Two new American novels serve as reminders of what was lost. At least one of them—Olga Grushin’s The Dream Life of Sukhanov—will tower over the majority of what publishers put out this year, though the less successfulThe World to Come, by Dara Horn, is still a worthy tribute to Russia’s ill-fated artists. At the start of Horn’s book, a study for Chagall’s Over Vitebsk, valued at $1 million, is stolen from a New York City Jewish institution during a singles mixer. The sketch, it turns out, has a long and complicated provenance. Given by the artist to a Jewish orphan named Boris Kulbak, it moves through the family after Kulbak is executed for “Zionist” activities in 1951. His betrayer, Sergei Popov, is a brutish apparatchik tasked with identifying artistic forgeries and performing other, less official work—like running over enemies of the people with a truck.

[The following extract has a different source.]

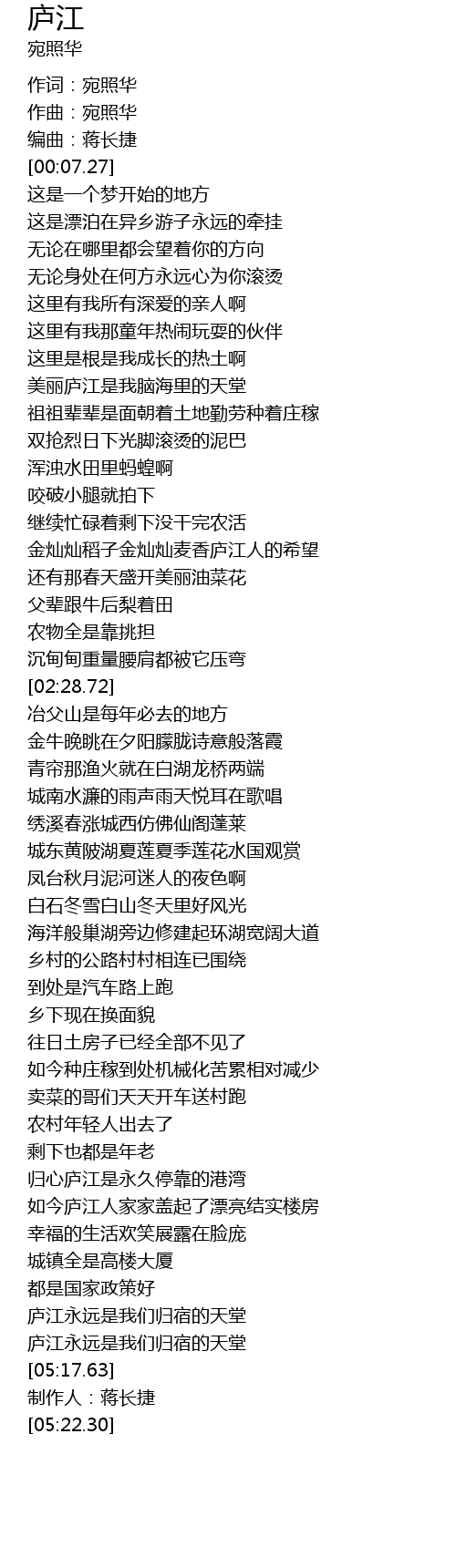 | [05:04.97] | 庐江永远是我们归宿的天堂 |

The protagonist of The Dream Life of Sukhanov—the first novel by Grushin, a Russian immigrant—is a mellowed and decayed successor to Popov. In 1985, Soviet officials no longer run over dissidents. They simply strike them from the record. Anatoly Sukhanov, an unbearably smug hypocrite, polices state-sanctioned art criticism. Thanks to his father-in-law, a celebrated but dreadful painter named Pyotr Malinin, he has ascended to editor-in-chief of Art of the World—think Pravda crossed with Artforum. Sukhanov pores over others’ essays, “crossing out every occurrence of ‘biblical’ and ‘eternal’ and putting a fat question mark next to every mention of ‘love.’ ” He is “famous,” Grushin writes, “for his skillful omissions.”

Sukhanov is less successful at omitting his own conflicted past, which reemerges with paralyzing flashbacks after a forgotten cousin—perhaps imaginary—arrives at his door. Dream sequences seem to leave remnants in waking life, so that before long, dream, memory, and “reality” are barely distinguishable, and artistic longing becomes a symptom—and cause—of madness.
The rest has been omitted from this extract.